Italy’s state-backed companies are undergoing a major shake-up and a sexual revolution.
Having pledged to break with old-style cronyism, New Prime Minister Matteo Renzi has put forward a mixture of maverick insiders and successful private businesswomen to head firms in which the Italian government holds core stakes.
To chair major oil company Eni he has chosen Emma Marcegaglia, former head of a steel multinational and of Italy’s employers lobbying group Confindustria.
Patrizia Grieco, current chair of computer maker Olivetti, is nominated for that job at Enel, Italy’s largest utility; while Luisa Todini, moves from state broadcaster RAI to chair Poste Italiane, the national postal group.
Half of Renzi’s cabinet ministers are women and the prime minister has said he wanted to boost the participation of women in the boardroom.
At Eni, the new chief executive is to be Claudio Descalzi, long-time head of its exploration and production unit. He has helped focus Eni on lucrative resource discoveries, and having been at the company since 1981 is one of the most respected executives in the oil and gas business.
Francesco Starace, currently at the helm of renewable energy group Enel Green Power, is the government’s choice as the new CEO of the whole group. He will take over from long-standing CEO Fulvio Conti.
Starace is a nuclear engineer by training who is also a former head of the utility’s power generation business at the time Enel acquired Spanish utility Endesa.
Ahead of its crucial part privatisation, Italy’s postal service gets Francesco Caio, the current chief executive of aerospace group Avio, as chief executive.
For the top job at scandal-hit Finmeccanica, the government put forward Mauro Moretti, known for turning around previously loss-making state railways Ferrovie dello Stato.

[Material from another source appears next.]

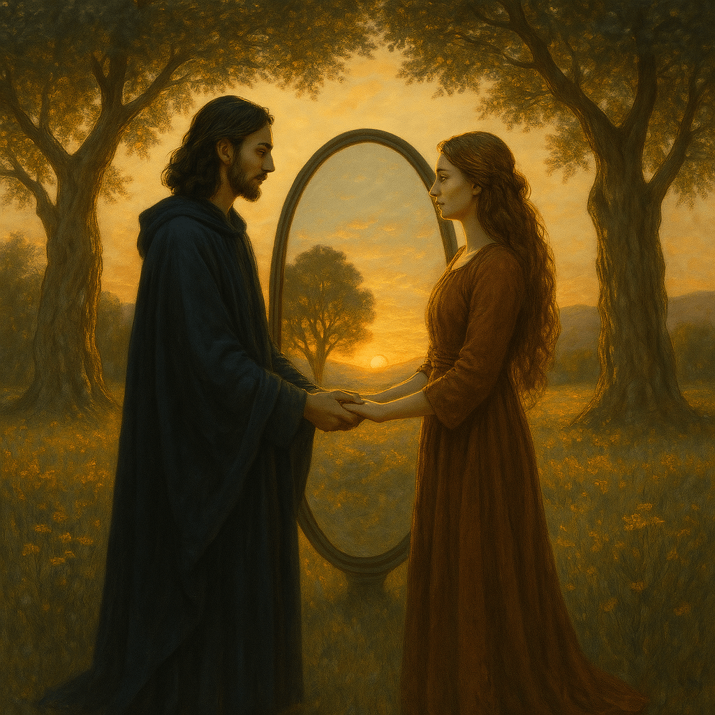 Alcarion wandered into a valley washed in golden dusk. The air was thick with silence, not of emptiness — but of presence. In the center of the field stood a mirror made of obsidian and moonstone, held between two ancient olive trees. This was the Gate of the 7th.
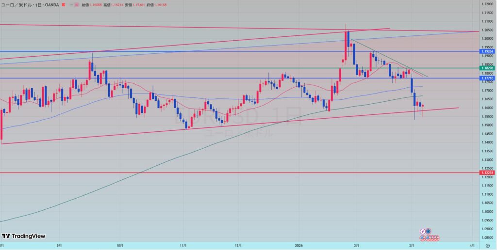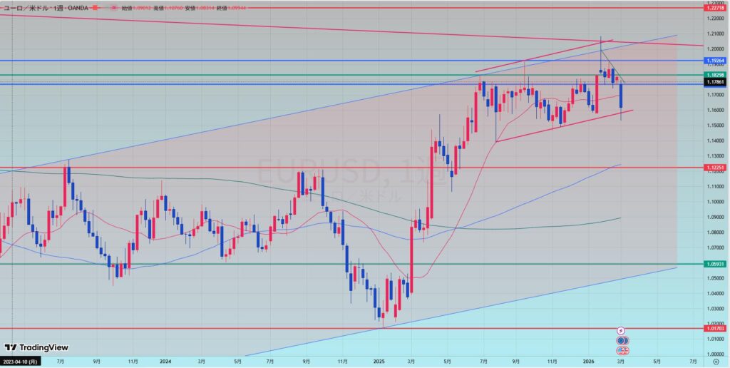 • 批評: 現状は上昇トレンドの中での深い調整局面である。君が指摘する1.122付近は、過去のレジサポ転換点(2025年序盤の節目)と重なり、強力な磁力を持つ。ただし、週足レベルでのMA乖離は「買われすぎの修正」が終わっただけで、ここからさらに掘り下げるには、週足確定でのチャネル割れという明確な事実が必要になる。安易なショートは、巨大な押し目買い勢力に飲み込まれるリスクを孕んでいる。

Moretti, an outspoken executive who was seen as a possible candidate for Industry Minister in Renzi’s government, will have the delicate task of turning the page at Finmeccanica after judicial scandals that have hit the defence group while it seeks to join an expected consolidation of the defence industry.
In a nod to public opinion and outrage over fat cat salaries, the prime minister has capped pay for those chairing the companies at 238,000 euros a year.